Demo of the GSCA model with a concave penalty

This doc is going to show how to simulate coupled binary and quantitative data sets according to the GSCA model with logit or problit links. After that, a GSCA model is constructed on the simulated data sets. Then the constructed model is evaluated by its ability in recovering the simulated parameters.

Contents

Add current folder to the path

clear all;
current_fold = pwd;
addpath(genpath(current_fold));

The Simulation of coupled binary and quantitative data sets

We use the logit transform of the empirical marginal probabilities of the binary CNA data set as the simulated offset term to simulate imbalanced binary data $\mathbf{X}_1$. The number of samples, binary variables and quantitative variables are $m=160$, $n_1=410$, $n_2=1000$ respectively.
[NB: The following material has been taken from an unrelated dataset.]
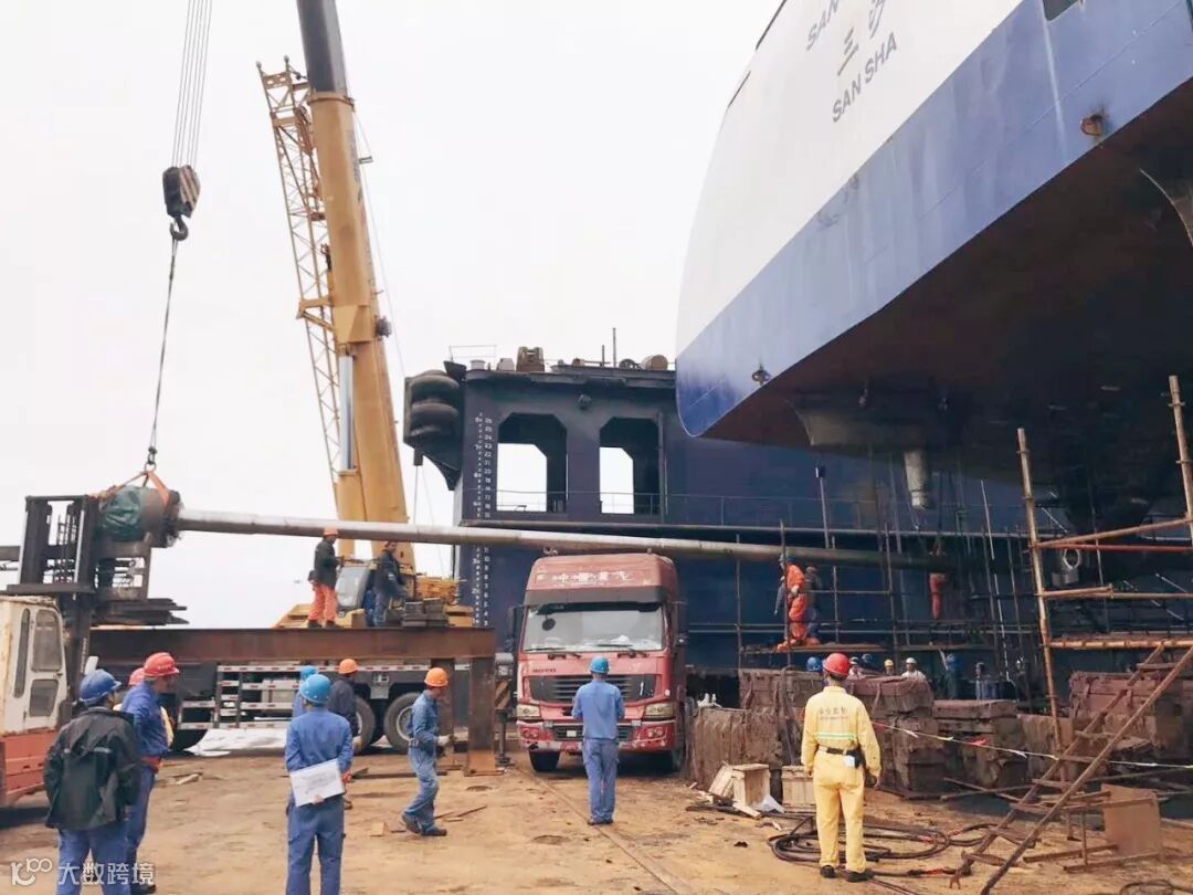 在此次修理任务中CPP工程难度较大,尾轴长17.8米,重约14吨,是目前厂内船舶修理最长的尾轴,原方案是外请浮吊配合拆轴,后来生产部门及坞修车间,勇于担当,详细策划及测量,采用拖车解决了拆轴难题,节约了成本。且该次船舶修理,很多工程之前没有承接过,能为今后的船舶修理工作积累丰富经验。

The noise level $\sigma^2$ in simulating quantitative data set $\mathbf{X}_2$ is 1. The simulated low rank is 10. The SNRs in generating $\mathbf{X}_1$ and $\mathbf{X}_2$ are both 1.

%
% import real binary CNA data set
load('X1_CNA.mat');
mu1_fixed = logit(mean(X1_CNA,1)); % imbalanced binary data simulation
%mu1_fixed = zeros(1,size(X1_CNA,2)); % balanced binary data simulation

% data simulation
SNRs = [1,1];   % SRNs in simulating X1 and X2
K    = 10;      % simulated low rank
link = 'logit'; % use logit link
%link = 'probit';% use logit link
seed = 1234;    % set seed to reproduce the example
[X1,X2,Theta_simu,mu_simu,Z_simu,E_simu] = GSCA_data_simulation(mu1_fixed,SNRs,K,link,seed);

% plot of the simulated offset term
figure
plot(mu_simu); title('simulated offset'); xlabel('variables');

% plot of the singular values of true signal and noise
figure;
plot(svds(Z_simu,K), '-o'); hold on;
plot(svds(E_simu,30), '-o');
legend('signal','noise');
title('singular values of signal and noise');
xlabel('component'); ylabel('singular value');

A GSCA model with GDP penalty

First, we need to specify the penalty we want to use, and the values of the corresponding tuning parameters. Here, we use GDP penalty as an example.

%
% nuclear norm penalty
%fun = 'lp'; gamma = 1; lambda = 50;

% lq penalty
%fun = 'lp'; gamma = 0.1; lambda = 4000;

% SCAD penalty
%fun = 'scad'; gamma = 5; lambda = 50;

% GDP penalty
fun = 'GDP'; gamma = 1; lambda = 500;

% parameters for the GSCA model
opts.tol_obj = 1e-5;   % stopping criteria
opts.maxit   = 1000;   % max number of iterations
opts.link    = link;   % link function
opts.gamma   = gamma;  % tuning parameter
opts.lambda  = lambda; % tuning parameter

% the GSCA model
tic;
[mu,Z,sigmaSquare,out] = GSCA_softThre_MM(X1,X2,fun,opts);
toc;
ThetaHat = ones(size(Z,1),1)*mu' + Z;

% check the convergence
figure
plot(out.hist_obj, '-');
title('trajectory of loss function');
xlabel('iterations');
Elapsed time is 10.080069 seconds.

Evaluting the constructed GSCA model

Since the true parameters are available in our simulation, we can evaluate the performance of the GSCA model by comparing the estimated parameters and the true ones.

%
% estimated rank
out.rank

% estimated noise level \sigma^2
sigmaSquare

% RV coefficient between simulated Theta and its estimation.
RV_modified_bda(Theta_simu, ThetaHat)

% RMSE in estimating Theta
norm(Theta_simu-ThetaHat,'fro')^2/norm(Theta_simu,'fro')^2

% RMSE in estimating mu
norm(mu_simu-mu,'fro')^2/norm(mu_simu,'fro')^2

% RMSE in estimating Z
norm(Z_simu-Z,'fro')^2/norm(Z_simu,'fro')^2
ans =

    10


sigmaSquare =

    0.9187


ans =

    0.9996


ans =

    0.0690


ans =

    0.0295


ans =

    0.1663